Per ovvie ragioni sono soprattutto gli agenti infettivi quelli che più interessano i pam, perché talvolta essi stessi possono fungere da carrier (“trasportatori”) meccanici delle suddette noxae. Basti pensare alla proliferazione delle alghe mucillaginose Didymosphenia geminata (alias “didymo”) a Vancouver Island, dove sono state soprannominate anche “steelheader algae”: la loro diffusione ha seguito infatti un andamento che andava a colpire via via i principali fiumi frequentati dai pescatori di steelhead i quali, come noto, viaggiano molto per trovare i migliori hot spots del momento (Donovan Lynch, Pacific Biological Station, DFO-Canada) !
Premesso ciò, per “epidemiologia” si intende la disciplina biomedica che si occupa dello studio della distribuzione e frequenza di malattie e di eventi di rilevanza sanitaria in una popolazione. Si occupa quindi di analizzare le cause, il decorso e le conseguenze delle malattie, nonché i meccanismi di diffusione e le dinamiche di propagazione.
Nell’ottica di questi studi, risulta necessario comprendere il reale ruolo di un agente patogeno: esistono infatti patogeni cosiddetti “opportunisti” e patogeni “obbligati”.
I primi sono rappresentati da tutti quegli organismi che in condizioni normali non causano alcuna patologia e vivono insieme all’organismo che li ospita in un rapporto che può variare dalla simbiosi al saprofitismo (cioè, si nutrono di materia organica morta) fino al parassitismo.

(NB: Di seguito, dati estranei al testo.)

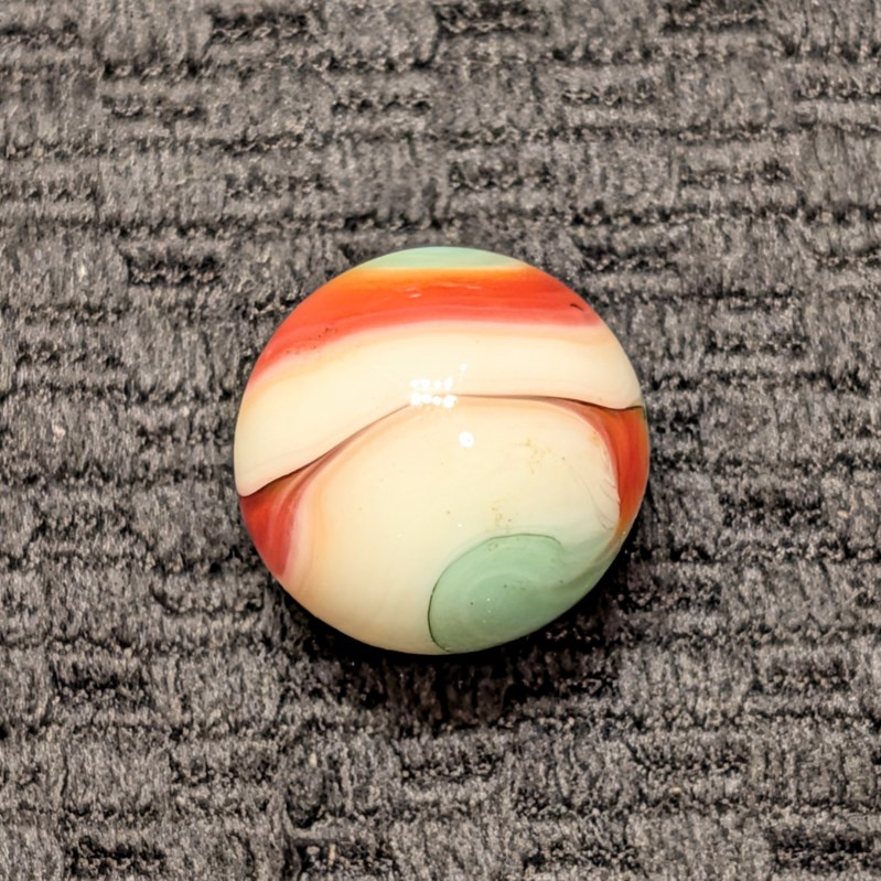 Uncommon Tri-Color AKRO Corkscrew of Red & Sea Foam Green over White that spins about 1-1/2 times. Corkscrew of multiple colors are getting harder and harder to come by. Wet Mint Original Surface.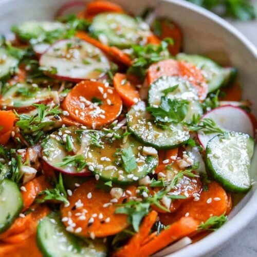 Ein asiatischer Gurkensalat mit Sesam gehört zu den einfachsten und frischesten Salaten, die sich in wenigen Minuten zubereiten lassen. Zwei Hauptzutaten, eine einfache Würzmischung und ein bisschen Ruhezeit machen diesen Salat zu einem vielseitigen Begleiter.
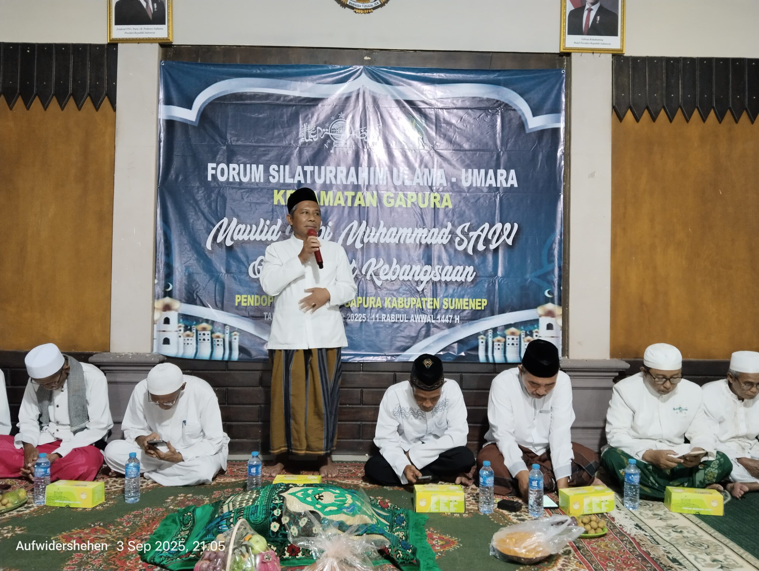 Gapura, Nura Online – Suasana religius dan penuh haru menyelimuti Pendopo Kecamatan Gapura pada Rabu malam (3/9/2025) saat ratusan warga, tokoh agama, dan pejabat pemerintah berkumpul dalam acara peringatan Maulid Nabi Muhammad SAW yang dirangkaikan dengan Munajat Kebangsaan.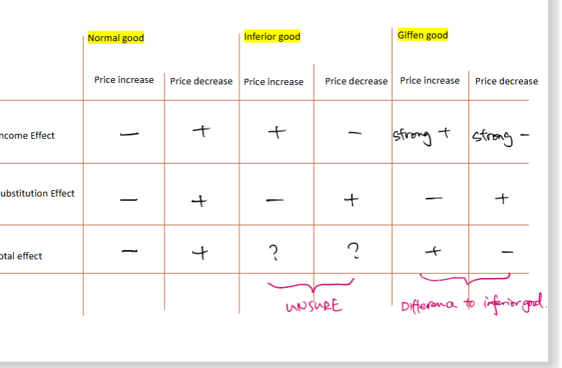 Types of Goods and price effects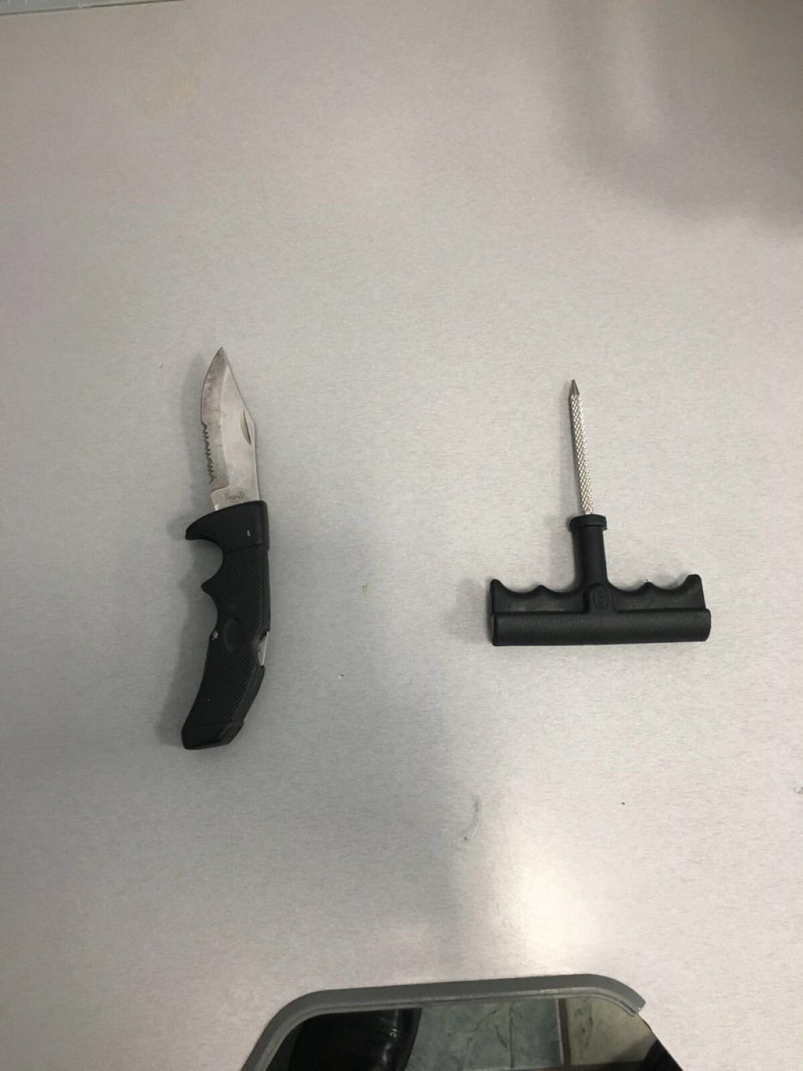 De la investigación se desprende que ambos sujetos la emprendieron ayer contra un vehículo compacto de la red de transporte Uber, en las inmediaciones del Restaurante Metropol ubicado en Isla Verde, Carolina. Al momento pesa un cargo a cada individuo por infringir el Artículo 198 del Código Penal por causar daño a la propiedad y un cargo por el Artículo 5.05 por utilización de arma blanca. En el lugar fueron ocupados una cuchilla y un punzón, con los que presuntamente causaron daños a los neumáticos del vehículo.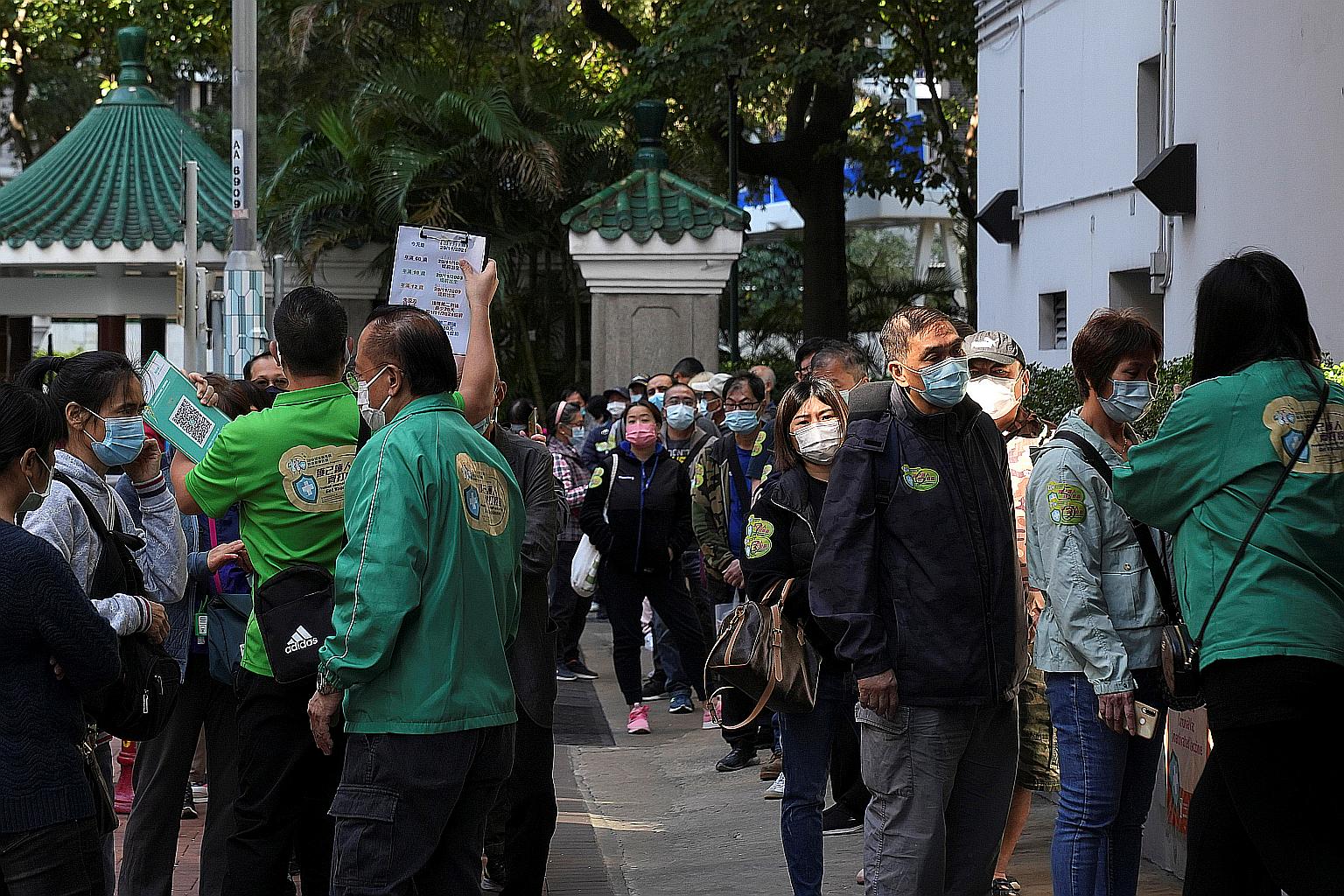People line up outside a community vaccination centre in Hong Kong, on Dec 2, 2021.

Ciò avviene anche grazie all’efficienza del sistema immunitario dell’ospite stesso che riesce a tenere a bada una eventuale proliferazione indiscriminata di questi agenti.
Tuttavia, in caso di alterazioni dello stato di salute (es. in caso di stress, malnutrizione, etc.) i meccanismi di controllo possono venire a mancare, aprendo la strada a una diffusione sistemica che può alterare numerosi funzioni organiche.
Un esempio di questo fenomeno sono gli enterobatteri, comunemente presenti nell’apparato gastro-enterico di tutti i vertebrati: questi organismi risultano indispensabili per il corretto funzionamento dell’apparato digestivo. Però, in condizioni di stress, non sono più tenuti sotto controllo e, diffondendosi nell’organismo al di fuori della loro sede ordinaria o contaminando ferite aperte, possono provocare ingenti lesioni sistemiche.

Immagine microscopica di Saprolegnia spp.

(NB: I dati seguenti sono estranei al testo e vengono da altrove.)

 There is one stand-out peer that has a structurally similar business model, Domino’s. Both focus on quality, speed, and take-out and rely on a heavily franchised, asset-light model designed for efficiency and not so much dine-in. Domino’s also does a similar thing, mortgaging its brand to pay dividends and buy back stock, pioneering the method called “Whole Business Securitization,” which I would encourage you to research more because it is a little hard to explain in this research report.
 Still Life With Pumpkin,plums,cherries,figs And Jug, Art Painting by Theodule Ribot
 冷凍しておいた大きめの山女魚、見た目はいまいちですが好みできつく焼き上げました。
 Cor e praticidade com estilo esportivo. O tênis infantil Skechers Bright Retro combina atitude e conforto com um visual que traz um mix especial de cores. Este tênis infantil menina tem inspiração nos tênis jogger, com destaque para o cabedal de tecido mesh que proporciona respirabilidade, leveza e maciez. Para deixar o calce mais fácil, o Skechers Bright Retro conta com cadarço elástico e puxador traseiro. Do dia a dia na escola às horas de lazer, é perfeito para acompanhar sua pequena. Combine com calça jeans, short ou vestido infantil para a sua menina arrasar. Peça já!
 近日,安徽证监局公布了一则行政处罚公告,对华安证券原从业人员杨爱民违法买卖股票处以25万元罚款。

particolare di una lesione cutanea in Salmo trutta fario

Questo concetto può essere applicato anche a tutti quei funghi (es. Saprolegnia spp.) e batteri che generalmente vivono in acqua (persino in quella potabile!) quali quelli appartenenti ai generi Aeromonas, Pseudomonas, Vibrio, Flexibacter, Flavobacterium, solo per citare i più conosciuti tra gli agenti patogeni opportunisti che normalmente “abitano” la cute e le mucose dei pesci.

Immagini al microscopio di un ammasso filamentoso di Flexibacter columnaris
(a fresco - Foto Flexi 1 )


( Flexi 2 - e previa colorazione con May Grunwald-Giemsa)

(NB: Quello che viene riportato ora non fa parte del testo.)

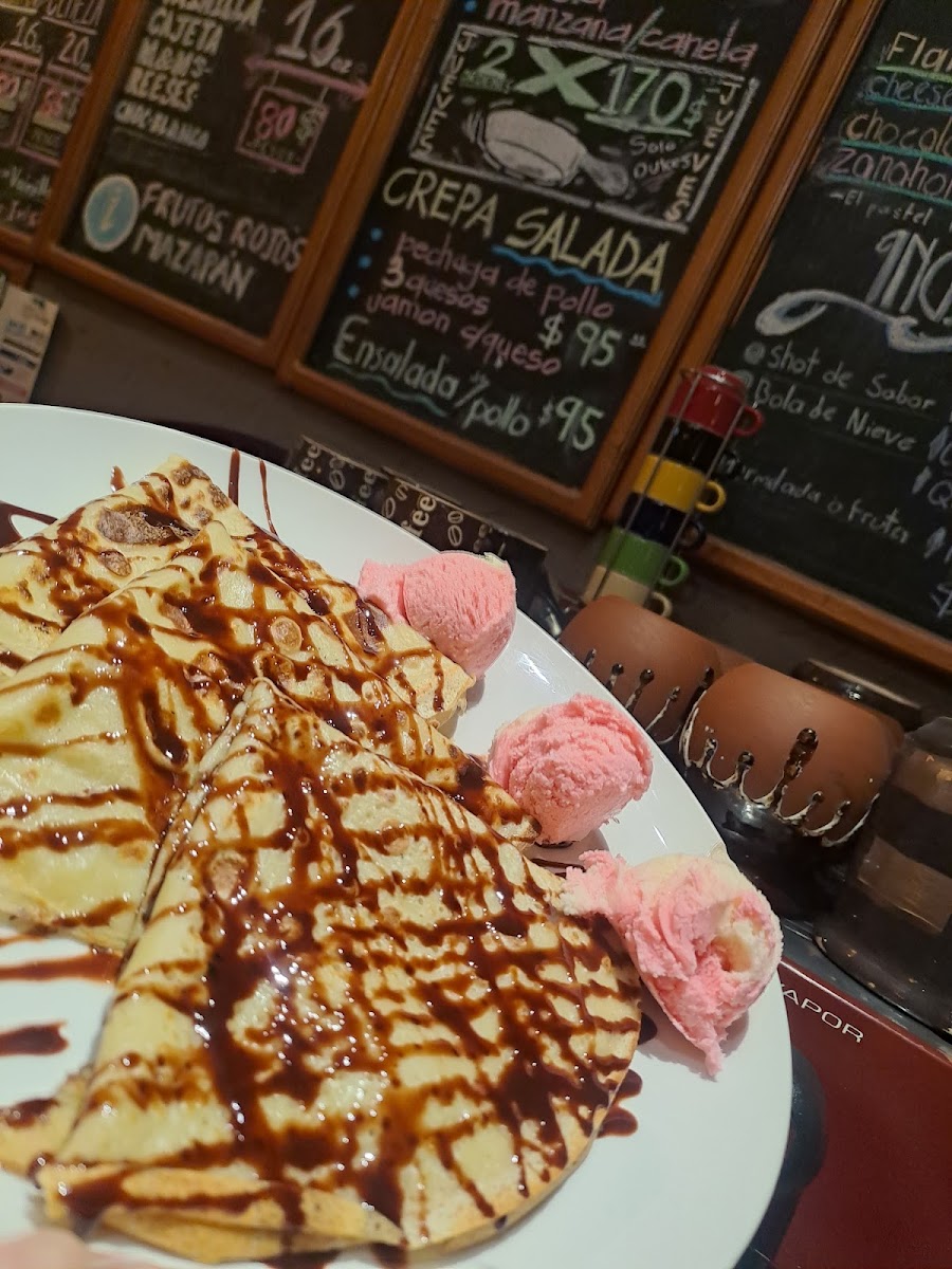 The star of the menu at Café Café & Crepas is undoubtedly their exquisite crepes, which are the talk of the town. Customers can't stop raving about the rich flavors and delicate craftsmanship that go into each dish. Imagine biting into a freshly made crepe, the soft texture melting in your mouth as it is filled with a variety of delectable ingredients. Whether you're in the mood for a classic Nutella and banana combination or something more savory, like a crepe stuffed with ham and cheese, every option promises to be a treat for your taste buds.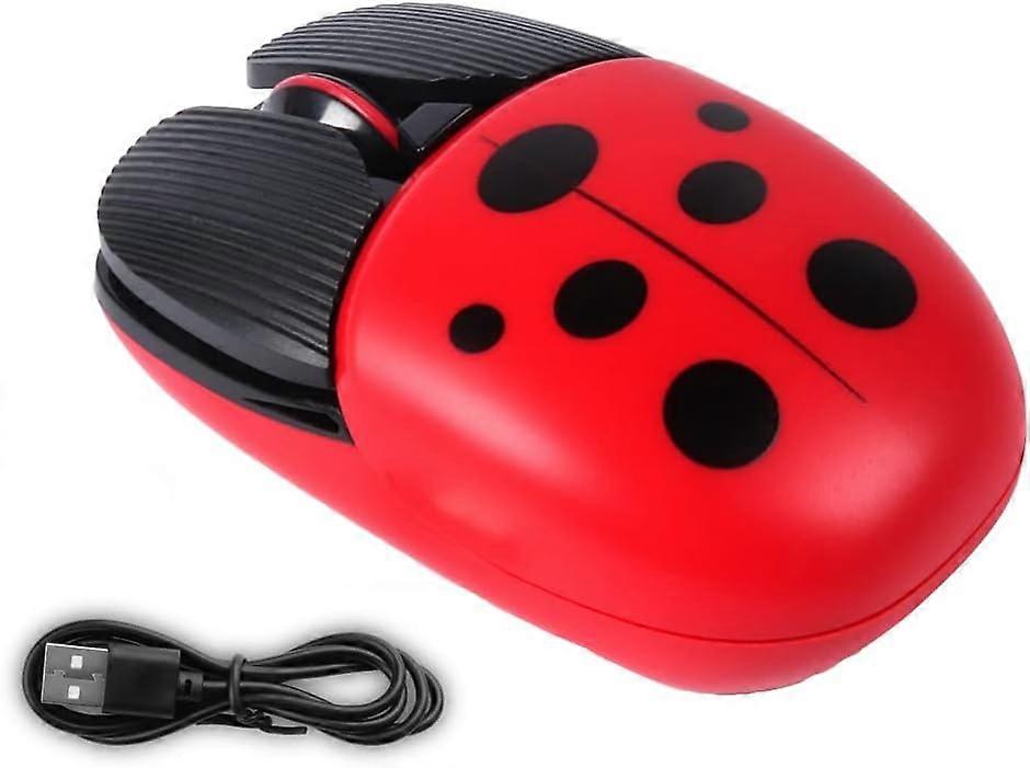 Wireless Mouse, 2.4G Rechargeable Cute Animal Ladybug Pattern, 4 Buttons 1600 DPI Optical Silent Cordless Mice, USB Portable Cordless Mouse for Comput

Lo stesso comportamento si può ritrovare anche in molti parassiti. La maggior parte dei virus risultano invece essere agenti patogeni obbligati, in quanto necessitano delle cellule dell’ospite per poter replicare e proseguire l’infezione. Inoltre sono spesso ospite-specifici, mal adattandosi alle condizioni di vita che troverebbero su organismi anche solo appartenenti a specie diverse.
Un altro aspetto da ricordare è quello di dose infettante: per alcuni organismi (vedi le alghe didymo), bastano pochissimi esemplari in un ambiente adatto per colonizzare e diffondersi in un nuovo sistema fluviale.
Mentre altri organismi, quali molti virus, batteri e parassiti, necessitano di una carica infettante di una certa entità (che dipende da organismo a organismo) per potersi insediare in una nuova area.
Talvolta, persino la giusta dose infettante non è sufficiente, e ora spiegheremo il perché. Infatti bisogna analizzare i vari meccanismi di diffusione degli agenti patogeni, che di base vengono suddivisi in due grandi categorie: via orizzontale e verticale. La via orizzontale si divide ulteriormente in diretta e indiretta.
Per via di trasmissione orizzontale si intende quella che avviene fra individui della stessa popolazione. Nella via orizzontale diretta l'individuo viene contaminato direttamente dalla sorgente di infezione, per esempio mediante contatto con individui malati o con l’acqua dove questo vive, oltre che per contatto sessuale.
Il contagio indiretto è invece mediato da vettori animati, come parassiti, crostacei o persino uccelli acquatici, o inanimati (barche, attrezzatura da pesca, substrati vari, alimenti, etc.).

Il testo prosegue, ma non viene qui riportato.